Exercise brief: Print out the data below in full and exactly, skipping the pictures.

Data extract:
════

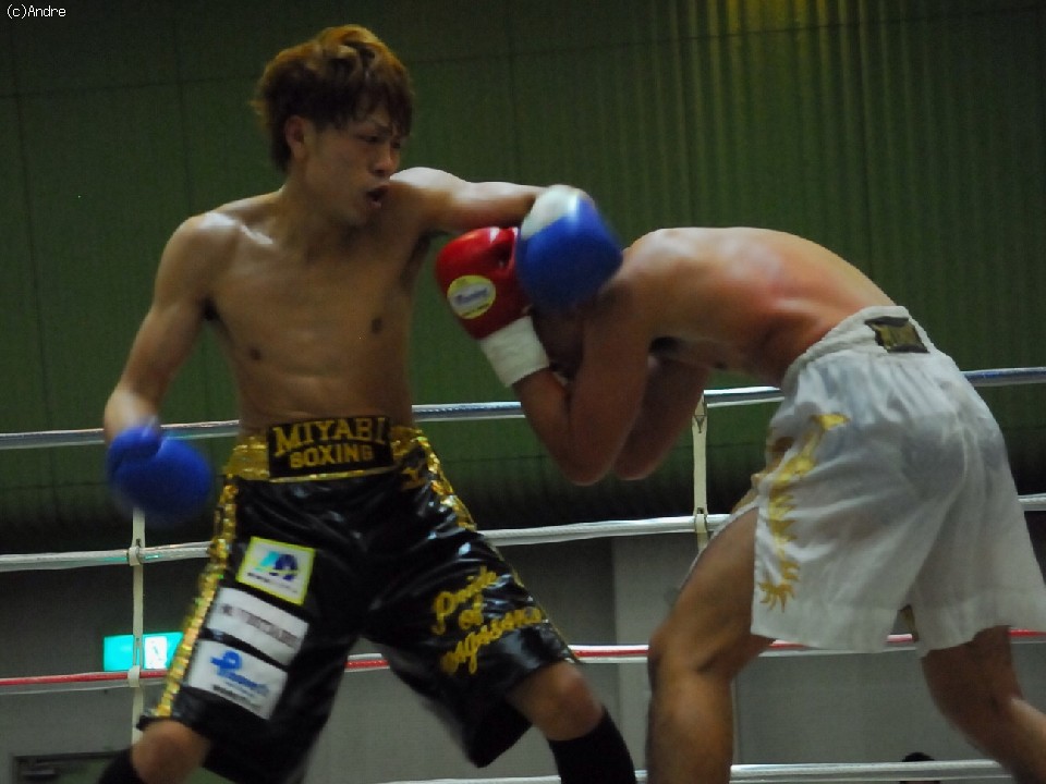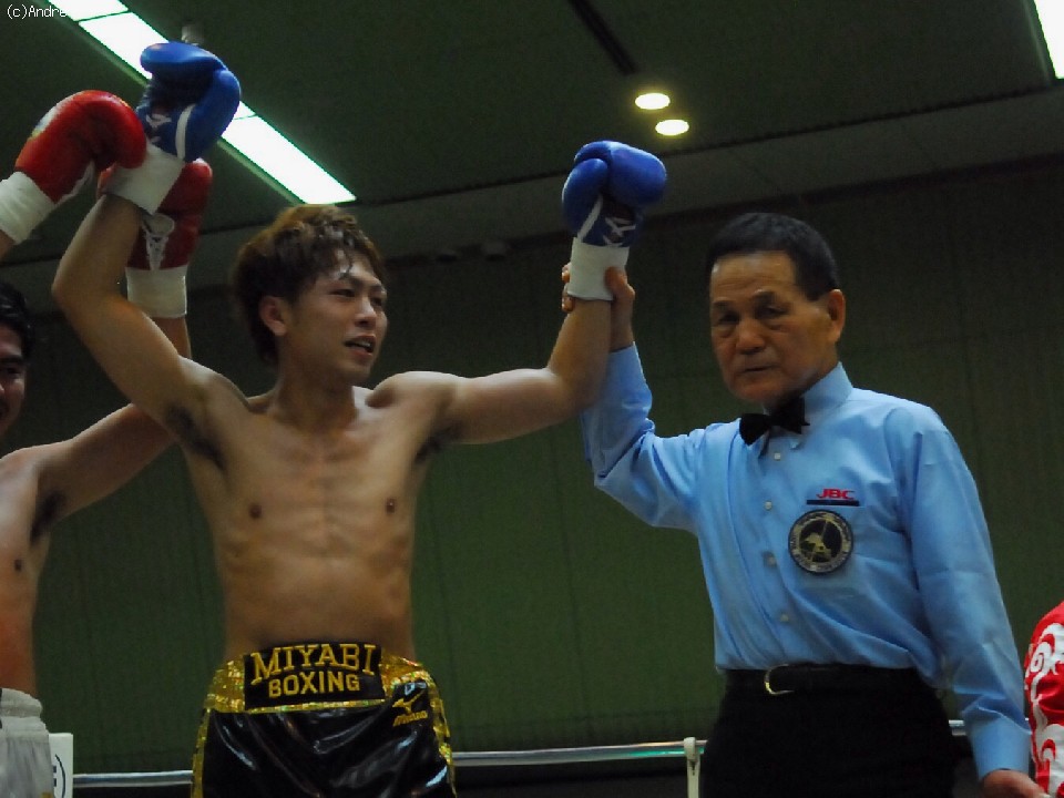 試合:川口は左ジャブを起点に右フック・アッパーと巧みな攻撃をみせる。対してヨードグンはガードを固め頭を振りながら踏み込むと大きな右フックを放つ。川口はプレスをかけ飛び込みながら右アッパーをあてる。ヨードグンもロープを背にするも山口の打ち終わりに右フックを狙う。有効打を集めた川口の判定勝利。
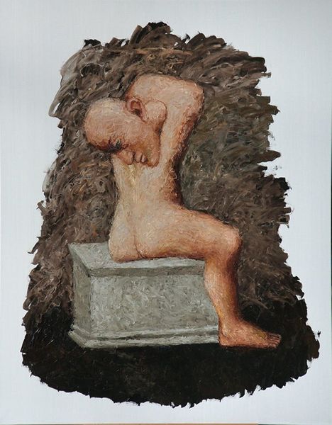 Alexander Roitburd created "Feast of the Rosary" using oil on canvas. Roitburd’s artistic journey was deeply intertwined with Ukraine's turbulent transition after the collapse of the Soviet Union. In this stark painting, two nude female figures stand face to face, connected by an abstract, arching form above their heads. Their gaze suggests a silent exchange or confrontation, a negotiation of shared space and perhaps shared identity. Their bodies, rendered with raw honesty, seem vulnerable, set against a muted background, which adds to the piece's emotional weight. Roitburd, who was also an activist, consistently challenged the norms of both the Soviet and post-Soviet art scenes. His works often explore themes of cultural identity, political commentary, and the human condition, inviting viewers to question the established narratives and power structures. The artwork serves as a mirror reflecting not only personal experiences but also broader societal struggles of those living in times of conflict.
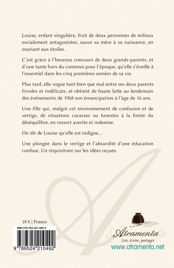 Louise, enfant singulière, fruit de deux personnes de milieux socialement antagonistes, sauve sa mère à sa naissance. Elle voguera entre deux parents frivoles et indélicats jusqu’à son émancipation qu’elle exigera à l’âge de 16 ans, au lendemain des événements de 1968.
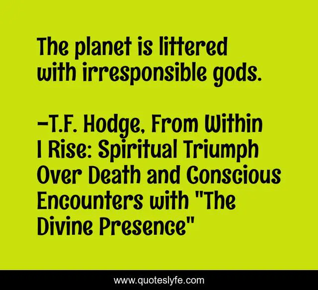 "T.F. Hodge, From Within I Rise: Spiritual Triumph Over Death and Conscious Encounters with "The Divine Presence" Quotes." Quoteslyfe.com, 2025. Mon. 08 Dec. 2025. <https://www.quoteslyfe.com/quote/The-planet-is-littered-with-irresponsible-gods-211865>.

════

Task output:
 試合:川口は左ジャブを起点に右フック・アッパーと巧みな攻撃をみせる。対してヨードグンはガードを固め頭を振りながら踏み込むと大きな右フックを放つ。川口はプレスをかけ飛び込みながら右アッパーをあてる。ヨードグンもロープを背にするも山口の打ち終わりに右フックを狙う。有効打を集めた川口の判定勝利。
 Alexander Roitburd created "Feast of the Rosary" using oil on canvas. Roitburd’s artistic journey was deeply intertwined with Ukraine's turbulent transition after the collapse of the Soviet Union. In this stark painting, two nude female figures stand face to face, connected by an abstract, arching form above their heads. Their gaze suggests a silent exchange or confrontation, a negotiation of shared space and perhaps shared identity. Their bodies, rendered with raw honesty, seem vulnerable, set against a muted background, which adds to the piece's emotional weight. Roitburd, who was also an activist, consistently challenged the norms of both the Soviet and post-Soviet art scenes. His works often explore themes of cultural identity, political commentary, and the human condition, inviting viewers to question the established narratives and power structures. The artwork serves as a mirror reflecting not only personal experiences but also broader societal struggles of those living in times of conflict.
 Louise, enfant singulière, fruit de deux personnes de milieux socialement antagonistes, sauve sa mère à sa naissance. Elle voguera entre deux parents frivoles et indélicats jusqu’à son émancipation qu’elle exigera à l’âge de 16 ans, au lendemain des événements de 1968.
 "T.F. Hodge, From Within I Rise: Spiritual Triumph Over Death and Conscious Encounters with "The Divine Presence" Quotes." Quoteslyfe.com, 2025. Mon. 08 Dec. 2025. <https://www.quoteslyfe.com/quote/The-planet-is-littered-with-irresponsible-gods-211865>.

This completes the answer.